Mom swallowed and sniffled before squeaking out her next words. “I said that you were traumatized. I started to cry, so they had to stop for a minute while I tried to catch my breath.” Mom
gulped and gasped as though she was in a live-action role play of the trial.

“It’s okay, Mom, take your time.” I wished I had gone after all. It was selfish of me to ask her to do this alone. She and I had been through it together then. Why not now? I felt like my family had abandoned me, and now I was doing the same to her.

Mom inhaled deeply several times before continuing, and I forced back the golf-ball-sized lump in my throat. “I said you were traumatized, and your daddy covered his mouth like he was trying to control his emotions, so I know it bothered him to hear it. I told them he was a good father and a good provider and real talented at construction. I ended up crying and crying after I got off the stand, but not in front of the jury—outside the courtroom. Do you think he’ll have to go to a regular jail?”

“What do you mean?”

“Because he’s deaf, do you think he’ll go to a regular prison?”

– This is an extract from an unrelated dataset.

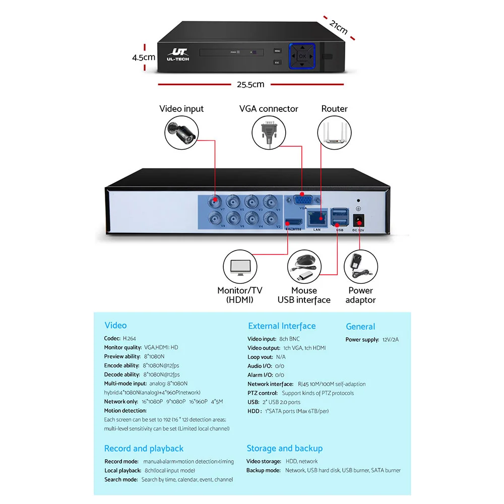 UL TECH 8CH DVR CCTV Security System with 8 Cameras, 1080P HD, Motion Detection, Infrared Night Vision, Remote Access

“He tried to kill someone.”

“I hope not,” she said, preoccupied with her own train of thought. “There are too many predators in there.”

Dad won’t even hear them coming
.

I shuddered. The thought was too much to bear.

I heard Greg barreling down the hallway, snapping me out of my spiraling self-pity. His voice got closer as he asked an equally sharp-dressed, high-priced attorney, “Can you make a meeting at four o’clock?”

“Can’t. My son is starting a T-ball league today.”

“Good,” Greg quickly retorted. “Now you’ll find out if he’s gay.”

Greg could always count on me for a reaction to one of his zingers. Instead I kept my head down and scribbled on my shopping list: Kleenex for desk. A napkin from the deli does not make a good tissue.

“What’s wrong with you?” Greg asked, slightly annoyed that I was ignoring him.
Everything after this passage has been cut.